These devices are incapable of providing virtual addressing information,
and doing reverse lookups of addresses is inordinately expensive from
user space.  This leaves: Do it all in a kernel task, or give user space
an an interface to operate on data provided by the device.

The syscall design is mostly being posted right now to collaborate via
public channels, but if the idea is so fundamentally offensive then i'll
drop it and relay the opinion accordingly.

~Gregory
Matthew Wilcox (Oracle) March 19, 2024, 6:38 p.m. UTC | #8
On Tue, Mar 19, 2024 at 02:32:17PM -0400, Gregory Price wrote:
> On Tue, Mar 19, 2024 at 06:20:33PM +0000, Matthew Wilcox wrote:
> > On Tue, Mar 19, 2024 at 02:14:33PM -0400, Gregory Price wrote:
> > > On Tue, Mar 19, 2024 at 05:52:46PM +0000, Matthew Wilcox wrote:
> > > > On Tue, Mar 19, 2024 at 01:26:09PM -0400, Gregory Price wrote:
> > > > > Implement simple ktest that looks up the physical address via
> > > > > /proc/self/pagemap and migrates the page based on that information.
> > > > 
> > > > What?  LOL.  No.
> > > > 
> > > 
> > > Certainly the test is stupid and requires admin, but I could not
> > > come up an easier test to demonstrate the concept - and the docs
> > > say to include a test with all syscall proposals.
> > > 
> > > Am I missing something else important?
> > > (stupid question: of course I am, but alas I must ask it)
> > 
> > It's not that the test is stupid.  It's the concept that's stupid.
> 
> Ok i'll bite.
> 
> The 2 major ways page-hotness is detected right now is page-faults
> (induced or otherwise) and things like IBS/PEBS.
> 
> page-faults cause overhead, and IBS/PEBS actually miss upwards of ~66%
> of all traffic (if you want the details i can dig up the presentation,
> but TL;DR: prefetcher traffic is missed entirely).
> 
> so OCP folks have been proposing hotness-tracking offloaded to the
> memory devices themselves:
> 
> https://www.opencompute.org/documents/ocp-cms-hotness-tracking-requirements-white-paper-pdf-1
> 
> (it's come along further than this white paper, but i need to dig up
> the new information).
> 
> These devices are incapable of providing virtual addressing information,
> and doing reverse lookups of addresses is inordinately expensive from
> user space.  This leaves: Do it all in a kernel task, or give user space
> an an interface to operate on data provided by the device.
> 
> The syscall design is mostly being posted right now to collaborate via
> public channels, but if the idea is so fundamentally offensive then i'll
> drop it and relay the opinion accordingly.

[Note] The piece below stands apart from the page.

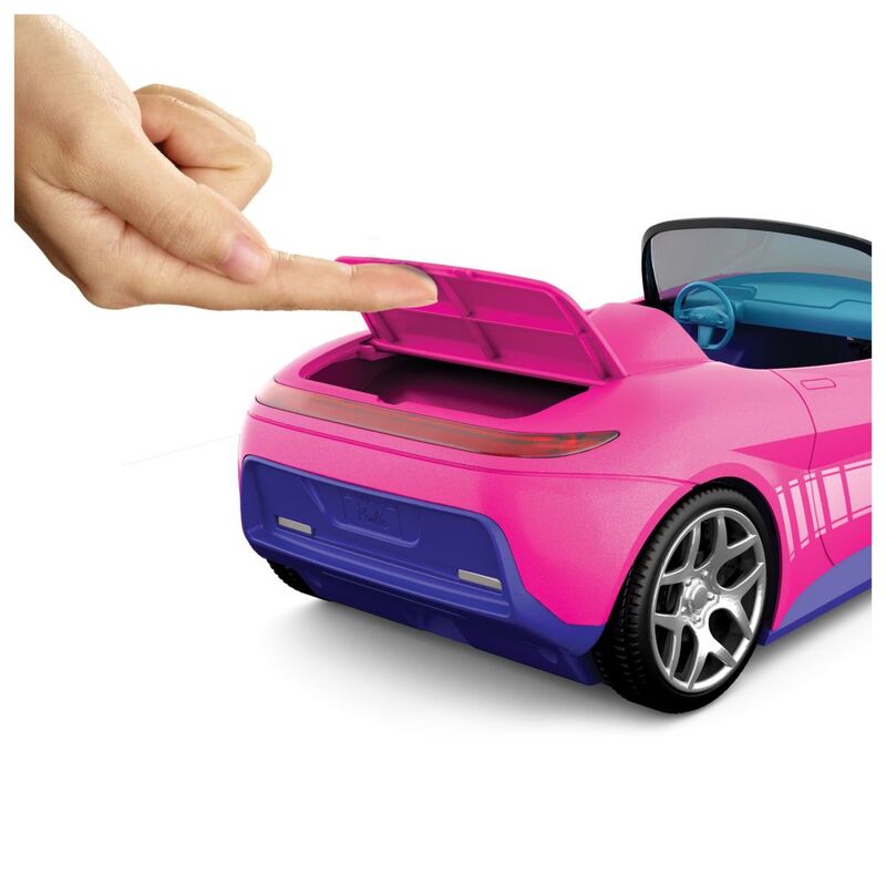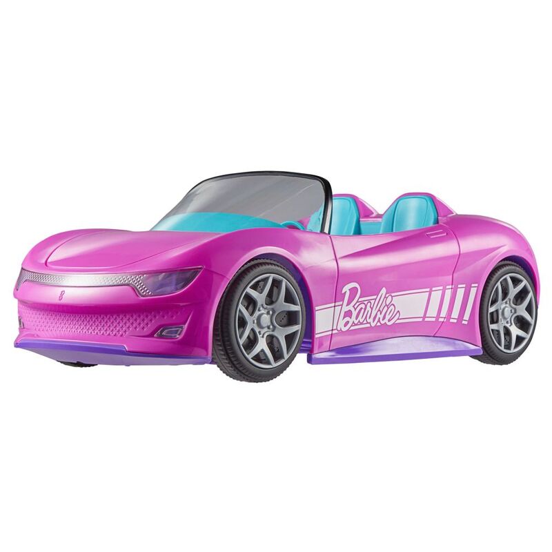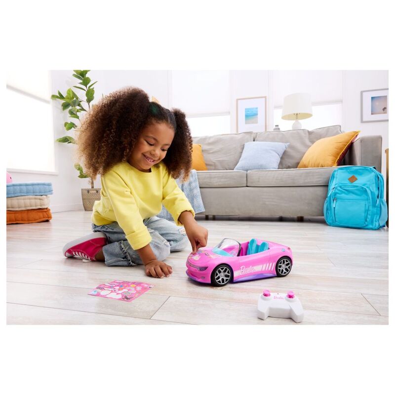 Hop into the Hot Wheels RC Barbie Convertible for an epic road trip! This super cute and signature pink remote-control car fits two Barbie dolls and has room in the trunk for storing important road-tripping accessories. It also includes a sheet of stickers to add personal style to the car's look! Choose from two driving modes story and speeder to adjust to different terrains and vibes. Dolls and accessories sold separately. Colors and decorations may vary.

The syscall design is wrong.  Exposing physical addresses to userspace
is never the right answer.  Think rowhammer.

I'm vehemently opposed to all of the bullshit around CXL.  However, if you
are going to propose something, it should be based around an abstraction.
Say "We have 8 pools of memory.  This VMA is backed by memory from pools
3 & 6.  The relative hotness of the 8 pools are <vector>.  The quantities
of memory in the 8 ppols are <vector>".  And then you can say "migrate
this range of memory to pool 2".

That's just an initial response to the idea.  I refuse to invest a
serious amount of time in a dead-end idea like CXL memory pooling.
Gregory Price March 19, 2024, 6:50 p.m. UTC | #9
On Tue, Mar 19, 2024 at 06:38:23PM +0000, Matthew Wilcox wrote:
> > The syscall design is mostly being posted right now to collaborate via
> > public channels, but if the idea is so fundamentally offensive then i'll
> > drop it and relay the opinion accordingly.
> 
> The syscall design is wrong.  Exposing physical addresses to userspace
> is never the right answer.  Think rowhammer.
> 

1) The syscall does not expose physical addresses information, it
   consumes it.

2) The syscall does not allow the user to select target physical address
   only the target node. Now, that said, if source-pages are zeroed on
   migration, that's definitely a concern.  I did not see this to be the
   case, however, and the frequency of write required to make use of
   that for rowhammer seems to be a mitigating factor.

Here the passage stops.